Why Pot Prosecution Drains the System

This week’s Chicago Reader bolsters Cook County Board President Toni Preckwinkle’s case for ending arrests and prosecutions of pot smokers. Staff writers Ben Joravsky and Mick Dumke follow three possession cases: a guy caught with one gram of marijuana, a guy who says the weed was his brother’s and a guy who’s been caught so many times he thinks he knows how to beat the system.

Among their findings:

  • Fifteen times as many blacks as whites are arrested for marijuana possession, even though whites are a majority of Cook County residents, and smoke just as much pot.
     
  • On the day Joravsky and Dumke visited Misdemeanor Court at Harrison and Kedzie, 14 of the 78 cases were marijuana offenses.
  • “The overflow of cases has led to an erratic enforcement of the law.

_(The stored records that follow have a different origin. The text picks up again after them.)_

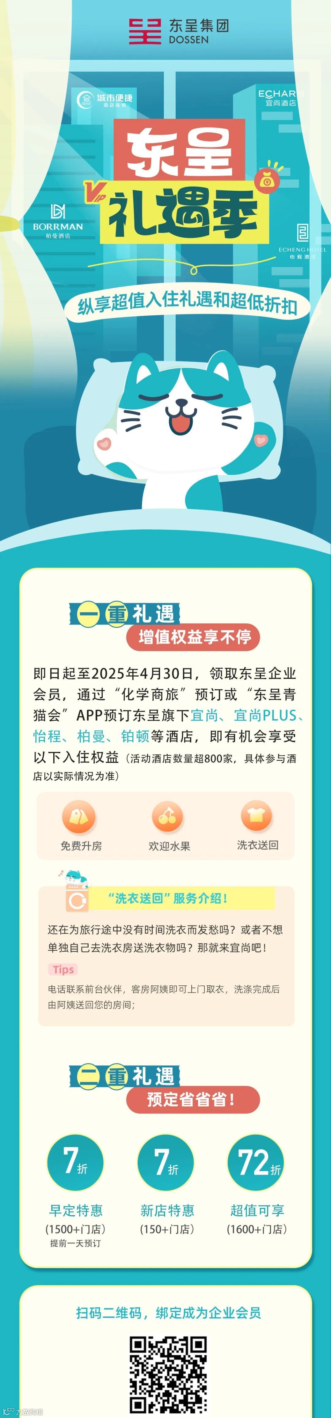 化学商旅平台已经引入协议酒店资源(亚朵、华住会、东呈、首旅如家、百达屋、锦江等酒店集团),企业协议折扣整体优于个人铂金会员,且较其它第三方平台有显著价格优势,同享免押金、双早、限时免费取消、延迟退房至15:00、免费升级房型、免费停车场、自助洗衣房、健身房等服务。通过化学商旅平台预订酒店可享免垫资、个人免开票、免押金、差旅报销一键引用、7×24小时服务保障及协议酒店福利等。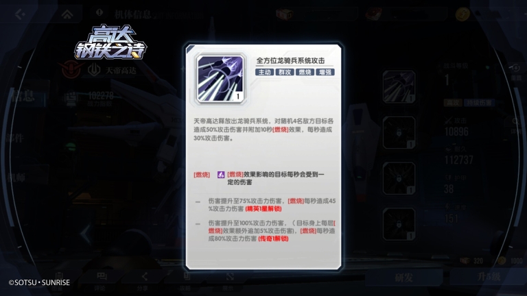 在当前情况下,【天帝高达】无疑是最优之选。其主动技能能够对敌方全体目标发起攻击,同时让他们进入燃烧状态,出色地解决了“燃烧”效果的覆盖率难题。指挥官们可借助参与【冲突战区】玩法,赢取“战区币”来兑换【天帝高达】,进而迅速优化队伍的配置组合。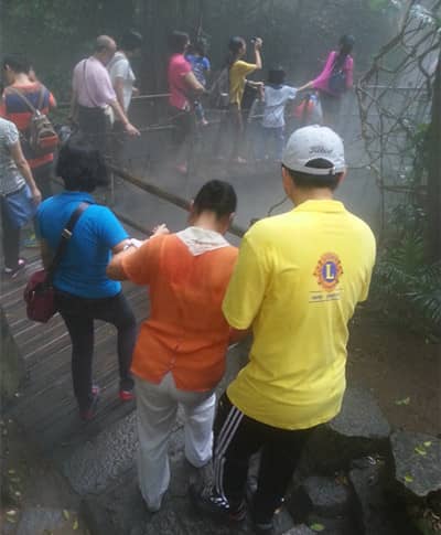 2014年11月1日, 蓝天白云,秋高气爽,深圳狮子会笔架山服务队联合莲花山服务队组织福保街道职康中心的残疾人和工作人员一起到南山青青世界游玩,参观迷人神秘的热带雨林、美丽自然的蝴蝶谷,观看激动人心的表演并共进午餐。游玩中,狮友们和残友们通过交流了解到职康中心的需求。

Con men know how to slide through the system, and armed dealers sometimes face lesser penalties than people randomly caught on the street with a few bucks' worth of weed.”
  • Preckwinkle isn’t the only public official who has reservations about our marijuana laws. So does Cook County State’s Atty. Anita Alvarez. When the Reader asks what pot prosecutions are accomplishing, she responds, “I’m struggling with that question. It’s the law, and we have to follow the law.”
  • As executive office-holders, Preckwinkle and Alvarez are not in a position to change the law. The General Assembly won’t even legalize medical marijuana. So far, 14 states have decriminalized marijuana possession. Most recently, in June, Connecticut changed the penalty for possession of less than a half-ounce from a misdemeanor to a civil infraction, punishable by a $150 fine. Proponents cited a study by the Office of Legal Research that found decriminalization “significantly reduced” court costs.